+++ Data extract

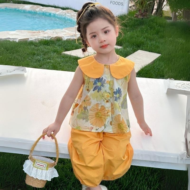 MooDeng Baby 2ชิ้น เสื้อ กางเกง คอตุ๊กตา แฟชั่นเด็ก ฤดูร้อน เสื้อกั๊ก เสื้อแขนกุด เด็กผู้หญิง
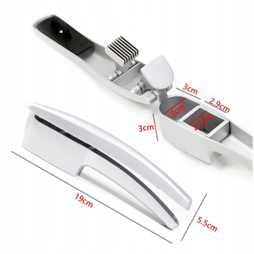 SPECYFIKACJA PRODUKTU: materiał: metal wymiary: 19 x 5,5 x 3 cm kolor: srebrny zastosowanie: praska i nóż do czosnku
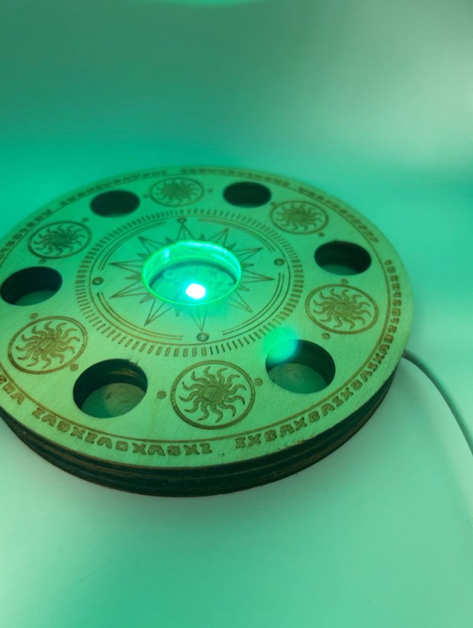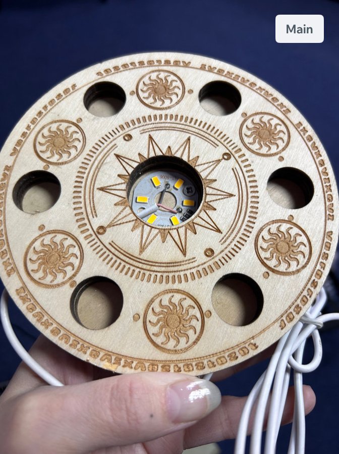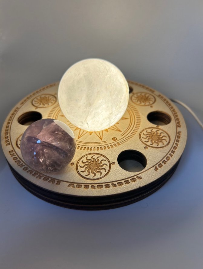 USB connection (plug not included) with a central sphere up lighter and 6 surrounding sphere holders.
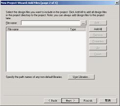建立工程后,可以使用“Assignments”菜单的“Settings”对话框中的“Add/Remove”页,在工程中添加和删除设计和其他文件。在执行QuartusIIAnalysisSynthesis期间,QuartusII软件将按“Add/Remove”页中显示的顺序处理文件。
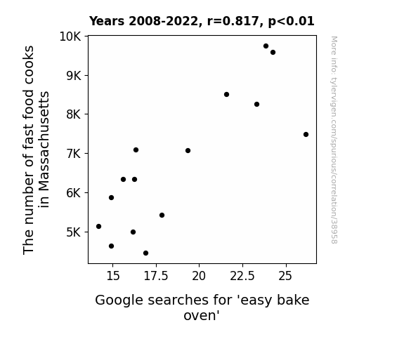 This means 66.7% of the change in the one variable (i.e., Google searches for 'easy bake oven') is predictable based on the change in the other (i.e., The number of fast food cooks in Massachusetts) over the 15 years from 2008 through 2022.
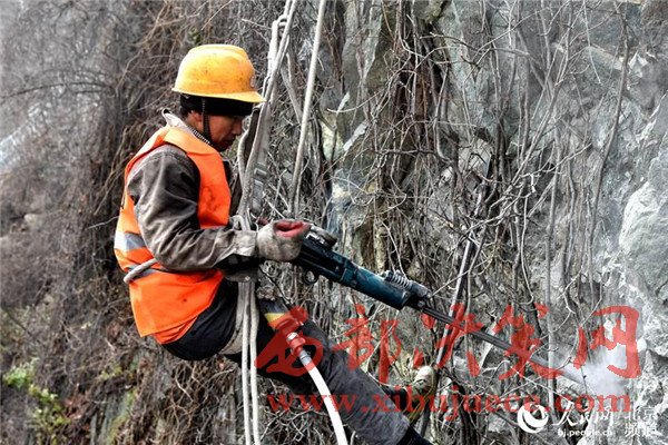 在重大地質(zhì)災(zāi)害隱患點(diǎn)治理現(xiàn)場,記者發(fā)現(xiàn)了一群“大山里的蜘蛛人”。他們在50米高的懸崖上作業(yè),用鐵絲網(wǎng)將大山“網(wǎng)住”,防止懸崖上的石塊掉落,保證國道上來往車輛的行車安全。記者注意到,整個(gè)作業(yè)期間,他們都用一根安全繩系住身體,吊在懸崖邊。初冬的北京寒風(fēng)已經(jīng)有些刺骨,在山區(qū)更是比市區(qū)低了幾度,而這些“蜘蛛人”也沒有進(jìn)行特別的保暖工作。
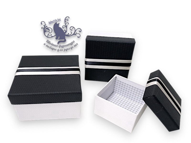 - Коробка подарочная Рогожка 9*9*5,5см Черный/белый
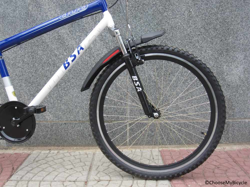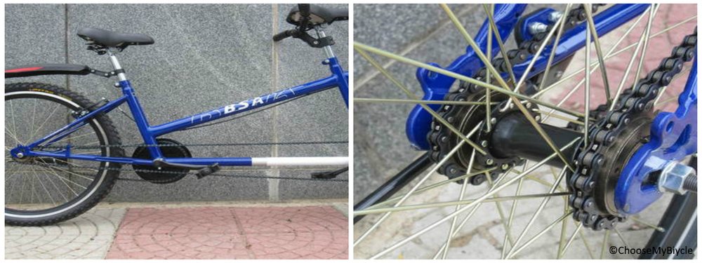 The frame of the BSA Tandem Duo is made of steel. The frame strength compensates for two riders and a substantial increase in power, so this frame has thick tubing and struts to reinforce both seat tubes and the front head tube. This heavy-duty frame has a slanting top tube, which makes it a step through frame. This makes it easier for women riders as well. The suspension on the Tandem Duo is a basic component just enough to tackle the smaller bumps and speed breakers. The rider at the back called the ‘Stoker’ will not benefit from this front suspension and will continue feeling the bumps of the surface which is generated from the back tire mainly.
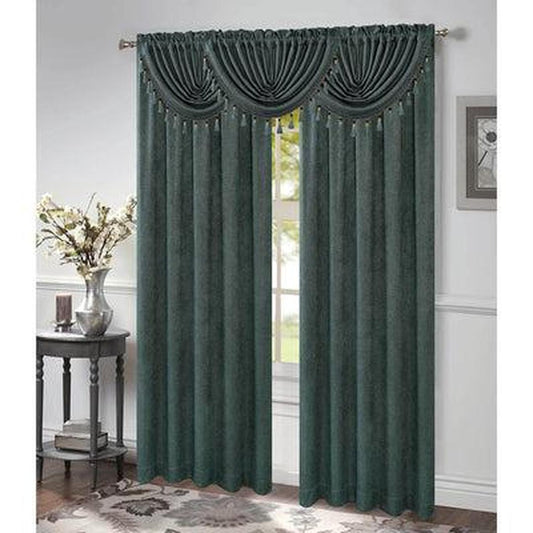 Timeless Elegance: Morgan Green Rod Pocket Waterfall Valance with Fringe Tassels - 48x37 Inches
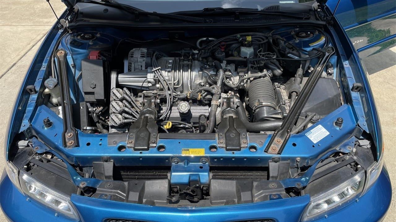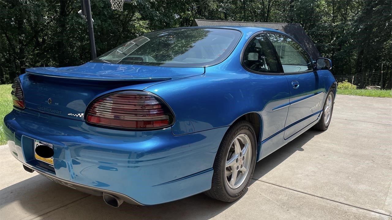 Showing 98,268 original miles, this Gulf Medium Blue Grand Prix coupe looks well-kept overall. The checkered-flag decals on the sides and rear are subtle clues that this car is something a little special. The Grand Prix was initially born in 1962 as a grand-touring coupe on the General Motors B-body platform and lived through eight generations and various body styles before being replaced by the G8 sedan. This car comes from the seventh generation which launched in 1997 on the W-body with assembly taking place in Kansas City, Kansas. Design language was unveiled at the January 1996 Detroit Auto Show, and one of the key talking points revolved around its “wide track” engineering. Television commercials for the car used the tagline “wider is better.”
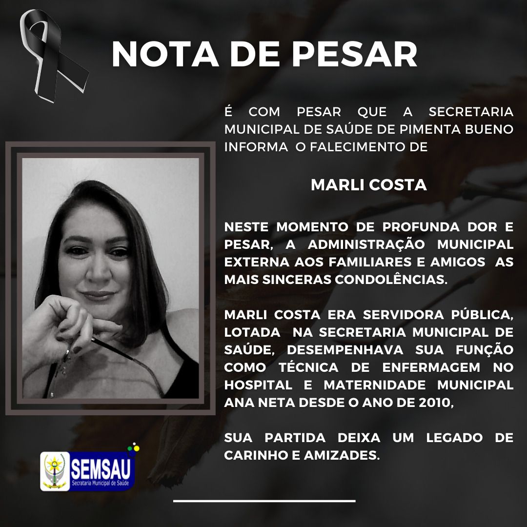 É com pesar que a Secretaria municipal de saúde de Pimenta Bueno informa o falecimento de Marli costa.

++++++

Exercise requirements
Please repeat all of the data exactly, excluding images.

Task solution
 MooDeng Baby 2ชิ้น เสื้อ กางเกง คอตุ๊กตา แฟชั่นเด็ก ฤดูร้อน เสื้อกั๊ก เสื้อแขนกุด เด็กผู้หญิง
 SPECYFIKACJA PRODUKTU: materiał: metal wymiary: 19 x 5,5 x 3 cm kolor: srebrny zastosowanie: praska i nóż do czosnku
 USB connection (plug not included) with a central sphere up lighter and 6 surrounding sphere holders.
建立工程后,可以使用“Assignments”菜单的“Settings”对话框中的“Add/Remove”页,在工程中添加和删除设计和其他文件。在执行QuartusIIAnalysisSynthesis期间,QuartusII软件将按“Add/Remove”页中显示的顺序处理文件。
 This means 66.7% of the change in the one variable (i.e., Google searches for 'easy bake oven') is predictable based on the change in the other (i.e., The number of fast food cooks in Massachusetts) over the 15 years from 2008 through 2022.
 在重大地質(zhì)災(zāi)害隱患點(diǎn)治理現(xiàn)場,記者發(fā)現(xiàn)了一群“大山里的蜘蛛人”。他們在50米高的懸崖上作業(yè),用鐵絲網(wǎng)將大山“網(wǎng)住”,防止懸崖上的石塊掉落,保證國道上來往車輛的行車安全。記者注意到,整個(gè)作業(yè)期間,他們都用一根安全繩系住身體,吊在懸崖邊。初冬的北京寒風(fēng)已經(jīng)有些刺骨,在山區(qū)更是比市區(qū)低了幾度,而這些“蜘蛛人”也沒有進(jìn)行特別的保暖工作。
 - Коробка подарочная Рогожка 9*9*5,5см Черный/белый
 The frame of the BSA Tandem Duo is made of steel. The frame strength compensates for two riders and a substantial increase in power, so this frame has thick tubing and struts to reinforce both seat tubes and the front head tube. This heavy-duty frame has a slanting top tube, which makes it a step through frame. This makes it easier for women riders as well. The suspension on the Tandem Duo is a basic component just enough to tackle the smaller bumps and speed breakers. The rider at the back called the ‘Stoker’ will not benefit from this front suspension and will continue feeling the bumps of the surface which is generated from the back tire mainly.
 Timeless Elegance: Morgan Green Rod Pocket Waterfall Valance with Fringe Tassels - 48x37 Inches
 Showing 98,268 original miles, this Gulf Medium Blue Grand Prix coupe looks well-kept overall. The checkered-flag decals on the sides and rear are subtle clues that this car is something a little special. The Grand Prix was initially born in 1962 as a grand-touring coupe on the General Motors B-body platform and lived through eight generations and various body styles before being replaced by the G8 sedan. This car comes from the seventh generation which launched in 1997 on the W-body with assembly taking place in Kansas City, Kansas. Design language was unveiled at the January 1996 Detroit Auto Show, and one of the key talking points revolved around its “wide track” engineering. Television commercials for the car used the tagline “wider is better.”
 É com pesar que a Secretaria municipal de saúde de Pimenta Bueno informa o falecimento de Marli costa.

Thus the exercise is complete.